What you will do: Copy out exactly the lines from the one with "Ruby and Diamond" through the last line of the listing below, both included, but none of the pictures.

===== Provided entries

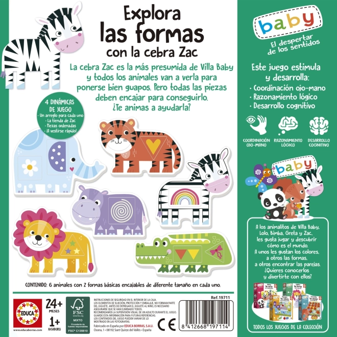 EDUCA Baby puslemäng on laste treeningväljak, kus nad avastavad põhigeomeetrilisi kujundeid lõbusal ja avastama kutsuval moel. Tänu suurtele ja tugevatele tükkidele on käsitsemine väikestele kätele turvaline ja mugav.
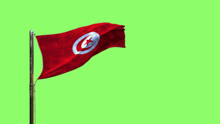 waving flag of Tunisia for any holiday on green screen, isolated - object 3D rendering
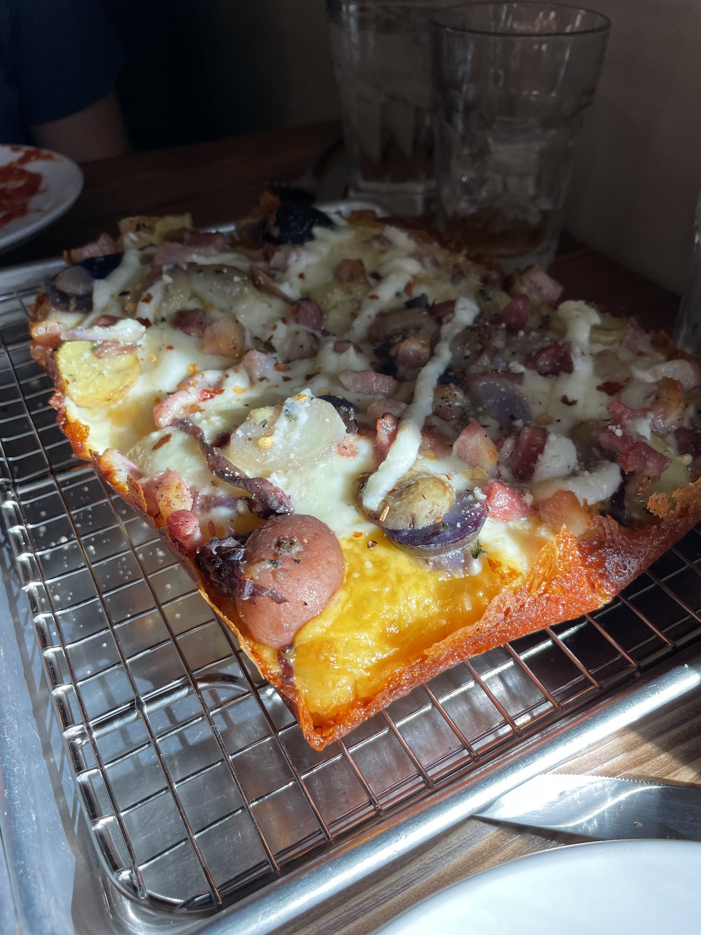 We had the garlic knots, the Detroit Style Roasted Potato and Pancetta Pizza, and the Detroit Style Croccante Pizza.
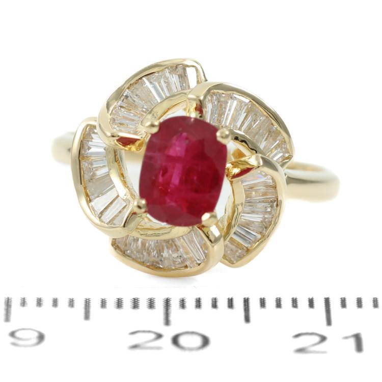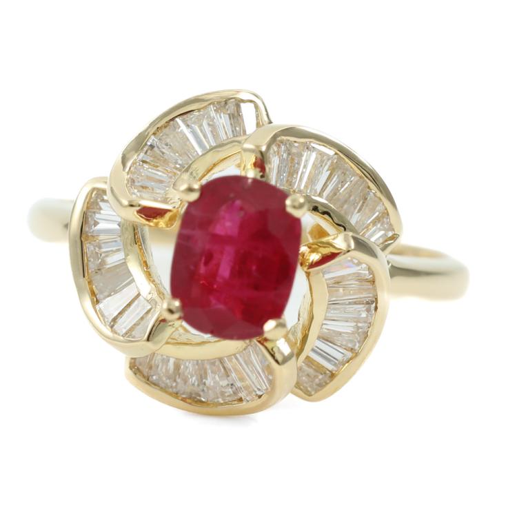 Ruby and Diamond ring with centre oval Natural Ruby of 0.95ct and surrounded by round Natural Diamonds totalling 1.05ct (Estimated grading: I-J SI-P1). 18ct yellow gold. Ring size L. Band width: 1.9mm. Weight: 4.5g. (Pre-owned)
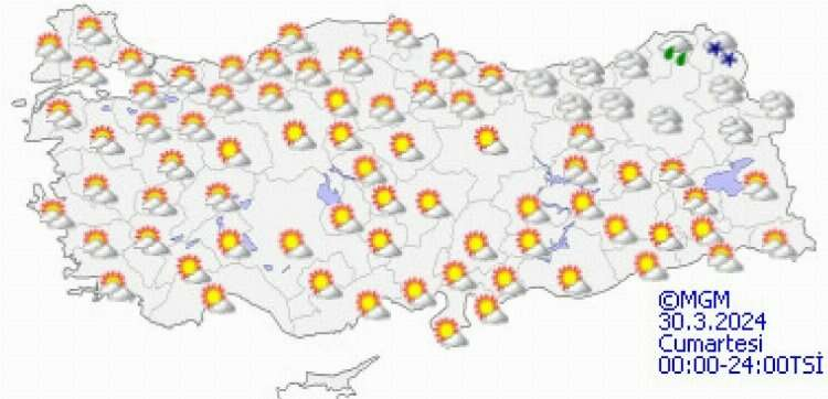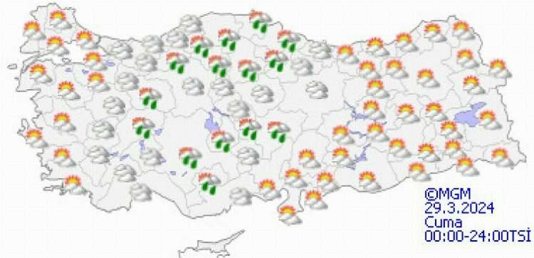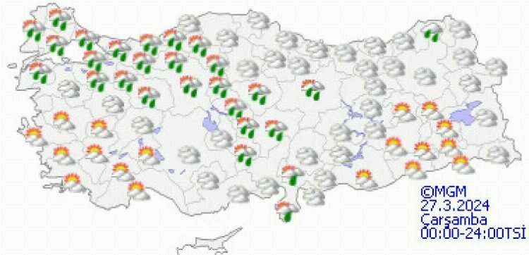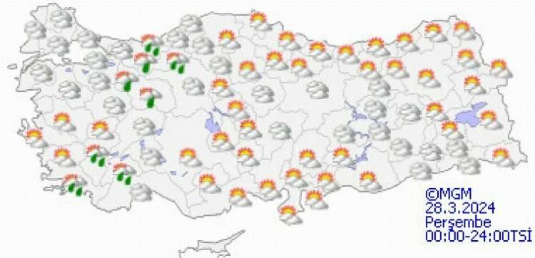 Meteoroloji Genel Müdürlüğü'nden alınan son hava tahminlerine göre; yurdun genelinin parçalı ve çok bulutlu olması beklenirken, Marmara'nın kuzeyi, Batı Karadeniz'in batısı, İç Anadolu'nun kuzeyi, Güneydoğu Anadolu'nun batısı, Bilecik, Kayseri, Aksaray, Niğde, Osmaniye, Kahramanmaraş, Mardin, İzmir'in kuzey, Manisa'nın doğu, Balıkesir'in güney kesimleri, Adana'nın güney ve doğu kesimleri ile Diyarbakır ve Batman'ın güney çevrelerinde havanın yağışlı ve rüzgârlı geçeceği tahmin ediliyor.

==========

Answer space:
 Ruby and Diamond ring with centre oval Natural Ruby of 0.95ct and surrounded by round Natural Diamonds totalling 1.05ct (Estimated grading: I-J SI-P1). 18ct yellow gold. Ring size L. Band width: 1.9mm. Weight: 4.5g. (Pre-owned)
 Meteoroloji Genel Müdürlüğü'nden alınan son hava tahminlerine göre; yurdun genelinin parçalı ve çok bulutlu olması beklenirken, Marmara'nın kuzeyi, Batı Karadeniz'in batısı, İç Anadolu'nun kuzeyi, Güneydoğu Anadolu'nun batısı, Bilecik, Kayseri, Aksaray, Niğde, Osmaniye, Kahramanmaraş, Mardin, İzmir'in kuzey, Manisa'nın doğu, Balıkesir'in güney kesimleri, Adana'nın güney ve doğu kesimleri ile Diyarbakır ve Batman'ın güney çevrelerinde havanın yağışlı ve rüzgârlı geçeceği tahmin ediliyor.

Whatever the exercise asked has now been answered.